Il finit ses jours à Pellerey en Côte-d'Or. Il y semble donner des cours de gravure, on peut citer par exemple Faure-Dujarric, qui par ailleurs produit des paysages de la région sous la forme d'eaux-fortes et des aquarelles[5].
Personnalité longtemps méconnue, voire oubliée, Bonnard est l'objet d'un travail collectif d'étude en 2013, élaboré par les Amis des Archives des Landes et l'Association landaise de recherches et de sauvegarde : cet artiste, tout en étant fonctionnaire, a en effet produit un certain nombres d'estampes figurant cette région. Il était par ailleurs en amitié avec Ingres, Michallon, et Delécluze.
Il a publié un grand nombre d'études régionalistes sur des sujets variés et, en 1838, un périodique appelé Le Pélerin.
Œuvre


Gravures
Bonnard est l'auteur de près d'une centaine de gravures, principalement des eaux-fortes, et aussi de dessins lithographiés.
Ouvrages publiés
- Costumes des XIIIe, XIVe et XVe siècles. Extraits des monumens les plus authentiques de peinture et de sculpture, avec un texte descriptif et historique, ill. de P. Mercuri, Paris, chez Treuttel et Würtz, 1829-1830, deux volumes [édition originale].
- Le Pélerin, ou Souvenirs de Rome, ill. de 30 gravures, Paris, C. Bonnard, 1829 — lire sur Gallica.
- Le Censeur politique, périodique [une livrasion ?], Paris, C. Bonnard et P. Carpentier, 1830.

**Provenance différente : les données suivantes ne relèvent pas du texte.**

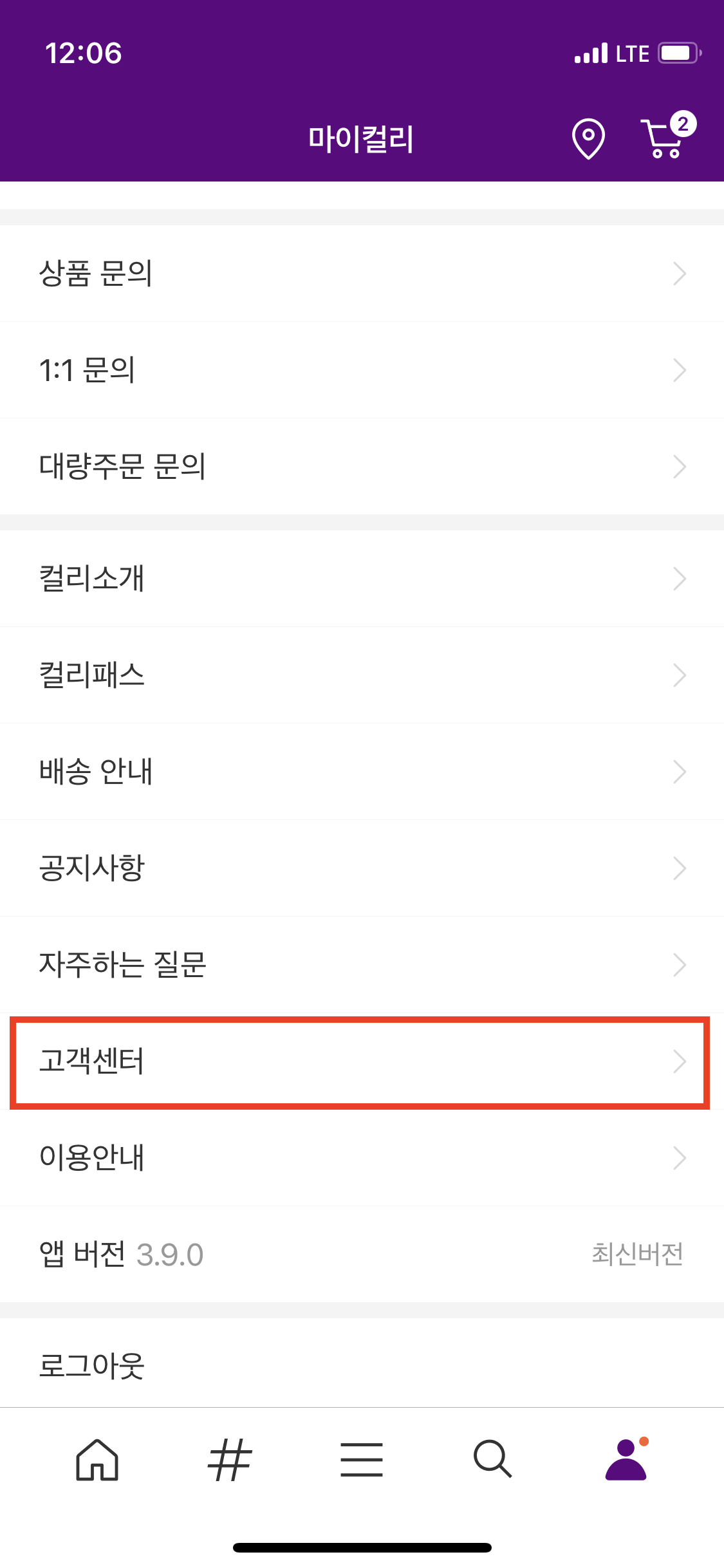 밑으로 쭉 내리면 [고객센터]가 나오는데 클릭해 주세요.

- La Novempopulanie : croquis et souvenirs des Pyrénées[7], Aire, chez Sibuet, 1838.
- Lé Pélerin, 36 livraisons accompagnées de gravures, [1838].
- Panorama de l'Ouest : souvenirs historiques, monuments, scènes de moeurs, costumes anciens et modernes de l'Anjou, de la Saintonge, de l'Aunis et du Poitou, Niort, Robin, 1843.
- Vienne et Charente inférieure, Niort, Robin, 1844.
- L'Art de lever les plans, analyse raisonnée et démonstration pratique des formules et des opérations trigonométriques les plus usitées, Niort, Mme Clouzot, 1845.